Tax planning: Thinking ahead when selling calves early, marketing more cows
With extreme drought conditions across the west, ranchers are making some tough decisions on thinning their herds, and with those decisions comes a little extra planning not only on the ranch management end, but also for the Internal Revenue Service (IRS).
As you know, tax season is sneaking up on us quickly, kind of like Christmas!
There are purchases and sales throughout the year, capital expenditures, credits, and deductions… but getting it all together is the key.
Leah Heidler, an accountant with Rapid City, South Dakota-based Casey Peterson and Associates is also a rancher.
Heidler said there are two tax election options for ranchers who sell more cows or more calves than usual in a drought year.
She said ranchers who operate in a county that has been declared a drought or a county contiguous to one that has been declared a drought can take advantage of these concepts.
“What we use most often is a 451 election,” she said. Heidler said this option allows a rancher to defer income from cows or calves until the following year. If a cattle producer usually sells calves in the spring, but needs to sell them in the fall, this allows for the deferral of that income to the next year. In order to utilize this option, the income from the cattle needs to be more than the average of the three years prior, and the producer can choose how much to defer.
“This is the most popular option,” said Heidler. As an example, she explained that on the ranch she and her husband operate, they plan to sell more heifer calves than usual this fall rather than backgrounding them. “We normally sell in January or February. We don’t have the hay so we’ll probably sell at weaning time or sooner. So in that case because of how our operation has to work, we have to sell earlier. That would put two calf crops in one year. With the 451 election, we can move the income from those heifers into the 2022 tax year.”
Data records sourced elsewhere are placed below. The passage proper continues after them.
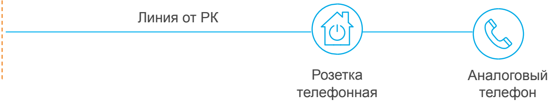
Схема подключения ПО по технологии FTTB/ETTH

Схема подключения традиционной телефонии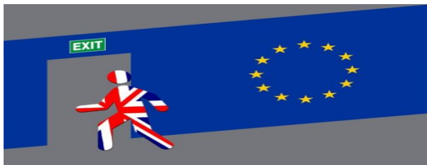
Fig. 1. Sursă: https://medium.com .

Axat pe metafora ieșirii, termenul traduce în subsidiar ideea că Marea Britanie poate părăsi Uniunea Europeană simplu, evocând, la nivel mental, imaginea simbolică a părăsirii unei clădiri trecând printr-o ușă (foarte des conceptualizată la nivel iconic în discursul online ).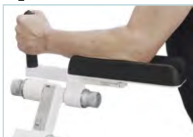
Supports Avant-Bras ajustables en hauteur et largeur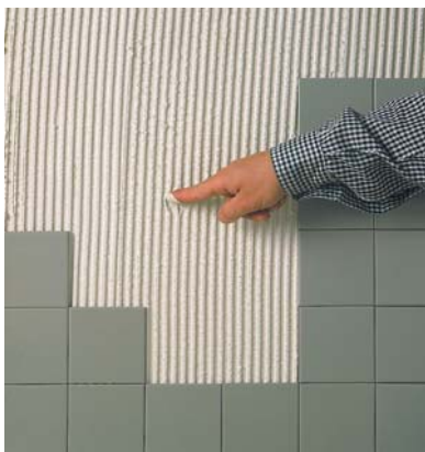
Ciment encara humit: correcte.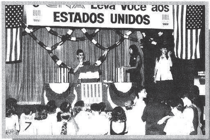
Alunos são premiados durante festa de confraternização

Com um pouco de sorte, é capaz de voltar com os autógrafos destes astros na bagagem. Agora é só fazer a matrícula e ficar torcendo.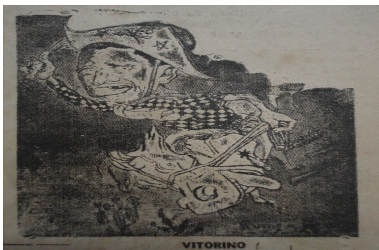
Figura 20: Jornal do Povo 3 , São Luís-MA, 16/01/1964, diretor geral: Neiva Moreira.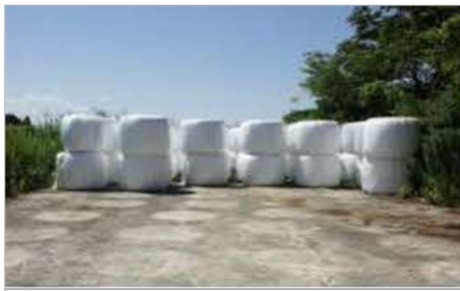
写真2 ロールベールの縦積み保管、越冬前に破損の点検を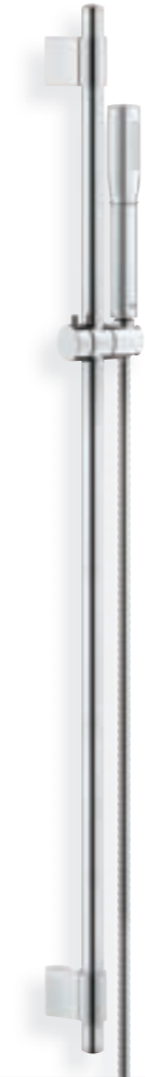
26 038 000 Brausestangenset 900 mm ● ●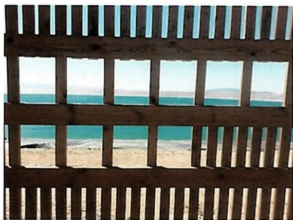
מאגר סירין - הציפורים לא מגיעות

אריק: אנחנו במשא ומתן עם המדינה, ואני מעריך שזה יקרה בתוך שנתיים-שלוש 'מרגע' הישמע הגונגי, אבל יש עוד מכשולים בדרך.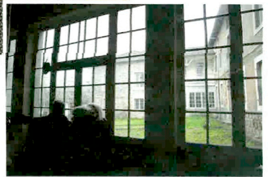
La Maison de retraite, plus en service depuis 2010, était composée notamment d'une Maison de Village datant du 19 e siècle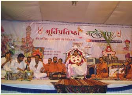
રાત્રિના કીર્તન-ભક્તિ કાર્યક્રમ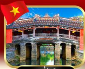
สะพานญี่ปุ่นโบราณ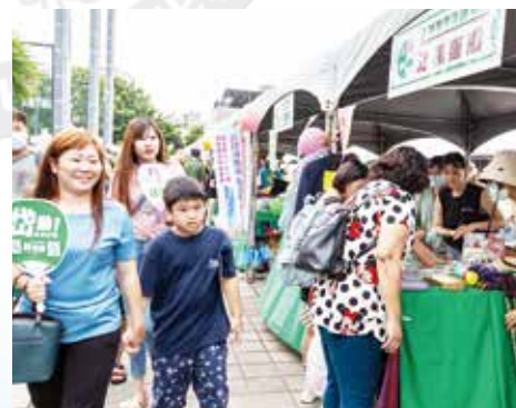
▲現場民扶老攜幼熱情參與各攤位活動，玩得不亦樂乎。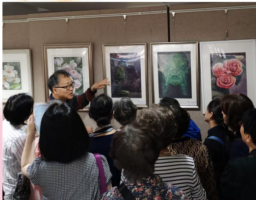
图为指导教师案例教学,现场评析作品特色

6月3日,一场别开生面的画展如约启幕。团队成员挣脱了年龄与风格的固有藩篱,大胆尝试,让颜料在画布上碰撞出绚烂的火花。画展期间,一场聚焦老年美术教育的研讨会热烈举行。团队成员与指导教师围坐一堂,各抒己见、畅所欲言。从实地写生采风敏锐捕捉自然的灵动之美,到创作交流时思维碰撞出璀璨的智慧火花;从技法切磋中不断提升专业造诣,到作品互评里收获真诚且宝贵的建议,成员们在团队的温暖怀抱中相互启迪、携手共进,共同迈向艺术的新天地。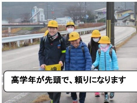
高学年が先頭で、頼りになります

意外に私たちの住んでいる風景に気づかないことが多くあります。 朝、子どもたち、八鹿駅改札を抜けて高校生が歩いて高校に向かいます。高校前は両親に送ってもらう車で混雑気味。小学生は集団登校で、6年生、5年生が先頭で低学年を見守りながら通学します。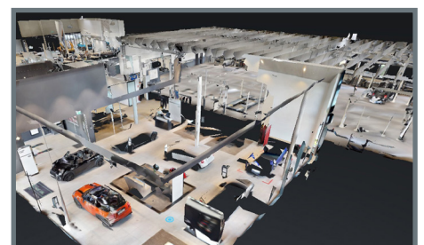
BMW Märtin in Freiburg, Deutschland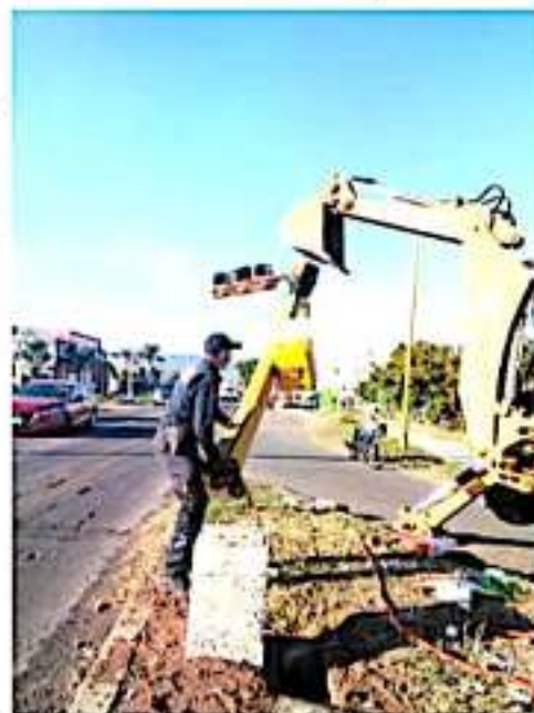
LOS REYES, MICH.- Se reinstaló el semáforo que había sido derribado en el Libramiento de Los Reyes.

La importancia de dicho semáforo radica en que la calle Lázaro Cárdenas es una de las principales salidas de la ciudad al libramiento y hacia la zona de los fraccionamientos San José, Quinta Real, Las Fuentes y Aguablanca, además de que es paso obligado de la comunidad estudiantil de la mencionada institución educativa ya sea en automóvil, motocicleta o caminando. De hecho, es tal la circulación por la zona que en hora de entrada y salida de clases se hace necesaria la presencia de elementos de vialidad.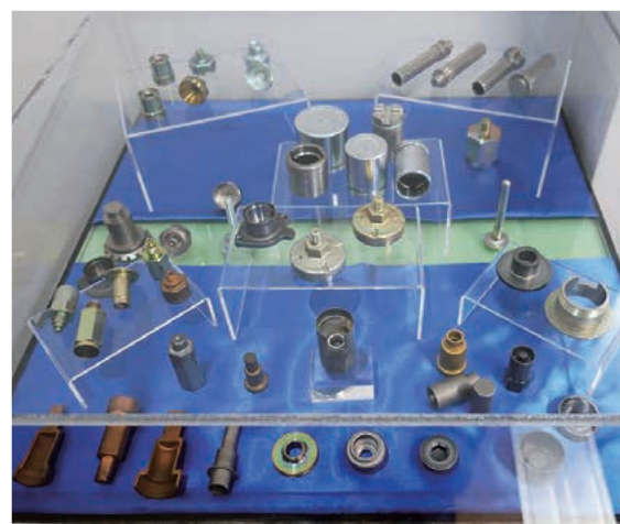
製造している部品

Heidler said that if the producer is in a county that is declared a drought again next year, the 2021 income that was deferred to 2022 will have to be counted in the 2022 taxes, but the 2022 income can be deferred to 2023, if desired. She said that in order to calculate the average over the past 3 years, the number of head sold is determined on when the income was claimed on the rancher’s taxes. So, for example, if a rancher defers the income from 100 head of heifer calves sold in October of 2021, and then experiences drought again in 2022 and chooses to defer again, he or she will have to determine the average number of head sold in 2021, 2020 and 2019. The number of head for 2021 will be based on the taxes they paid IN THAT YEAR, so in that case, even though the rancher sold extra calves, they won’t necessarily sway the average since the income was deferred. In other words, if the income is deferred, the number of head sold is “deferred” as well.
The other option for ranchers selling extra cows is the 1033 election.
This option is for those who are certain they will be replacing the cows in four years or less. It allows the cattle producer to defer the gains from the extra cows or heifers sold, and offset those gains by replacing them in 4 years or less. “You only want to do this one if you know you’ll buy replacements and not raise your own. You have to offset that deferral with a cost. If you don’t end up replacing them, you have to go back and amend your tax paperwork,” she said “It’s a timing thing and you have to think ahead and plan for what will happen,” she said.
Heidler threw in some additional ideas for ranchers concerned about the tax implications of selling more cattle than usual.
“You can buy hay or even prepay for hay, or fuel or whatever you can,” she said.
“Maybe you don’t need the hay in December, but you know you’ll need it later, you can prepay for the hay, or other feeds. In a way, that is kind of like a deferral, it’s putting that expense into this year instead of putting more income into next year,” she said.
Heidler hopes ranchers are making plans to visit with their accountants this fall if they haven’t already done so.
“It’s definitely the kind of year where coming into the tax accountant to do tax planning is a good idea. One small move to help yourself might make a difference. Tax planning is going to be crucial. It could be a game changer for people to start thinking about these things,” she said.